22 Juni 2026

Fenomena Sistem Penerimaan Murid Baru.

H.Albar S Subari SH.MH

Pengamat Hukum dan Sosial di Palembang

KoranRakyat.co.id —-Setiap kali memasuki tahun ajaran pendidikan Sekolah Dasar sampai Sekolah Menengah Atas, setiap tahun nya selalu meninggalkan persoalan persoalan di masyarakat kita. Termasuk juga di kota Palembang.

Banyak video yang beredar dari sekelompok masyarakat di mana anaknya tidak diterima dari sebuah sekolah yang diminati, namun diterima di sekolah lain yang mungkin akan menimbulkan persoalan baru . Misalnya domisilinya si anak cukup jauh dari sekolah yang bersangkutan.

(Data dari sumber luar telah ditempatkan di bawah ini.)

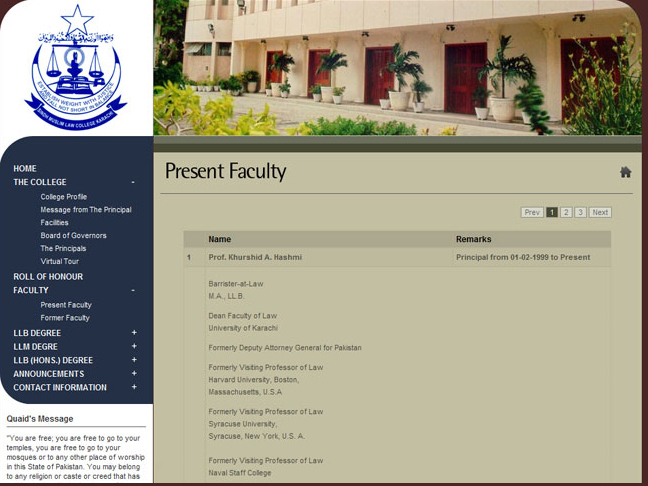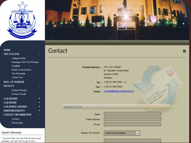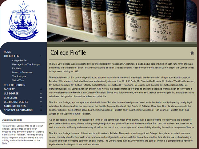 The S.M. Law College was established by its first Principal Mr. Hassanally A. Rahman, a leading advocate of Sindh on 28th June 1947 and was affiliated to the University of Sindh.

Dengan pendidikan wajib dua belas tahun secara Tara kelola pendidikan itulah yang memang harus dicapai bahkan ke depan sampai perguruan tinggi dapat tanggung dari negara.

Philosophie demikian sejalan dengan pesan tokoh pendidikan bangsa Indonesia Ki Hadjar Dewantara dalam bukunya berjudul ” Pendidikan” terbitan yayasan taman siswa , mengatakan bahwa setiap wilayah Nusantara harus berdiri sekolah yang merata agar penduduk Indonesia mendapat kesempatan yang sama untuk membangun bangsa dan negara Indonesia.

Itulah salah satunya motivasi beliau mendirikan perguruan Tamansiswa.

Sekarang ini dikenal dua jalur penerimaan siswa baru yaitu jalur prestasi dan jalur domisili.

Secara teoritis pola tersebut memang logis, tapi dalam pelaksanaan di lapangan masih terjadi hal hal yang tidak sesuai dengan tujuan semula.

Salah satu alasan sehingga anak tersebut ditolak, walaupun radius jarak antara tempat tinggal nya ( bukti Kartu Keluarga) dengan sekolah sangat dekat dan masuk dalam aturan pemerintah.

Namun ditolak karena sekolah sudah penuh ??.

Tentu timbul pertanyaan apa memang sudah penuh!

Sedangkan anak yang diterima tinggal nya bukan menjadi tolok ukur untuk masuk diterima.

Sebaiknya sistem penerimaan dilakukan dengan menggunakan metode cepat dan transparan sehingga tidak ada kecurigaan sesama warga negara.

Belum lagi patut diduga oleh oknum oknum tertentu masih menggunakan kesempatan untuk orang orang yang dapat menyalah gunakan wewenang. Dalam pepatah masyarakat umum ” menggunakan kesempatan dalam kesempitan” yang disebabkan oleh beberapa faktor dan kondisi sehingga terjadi perbuatan yang tidak adil sesama manusia Indonesia. (*)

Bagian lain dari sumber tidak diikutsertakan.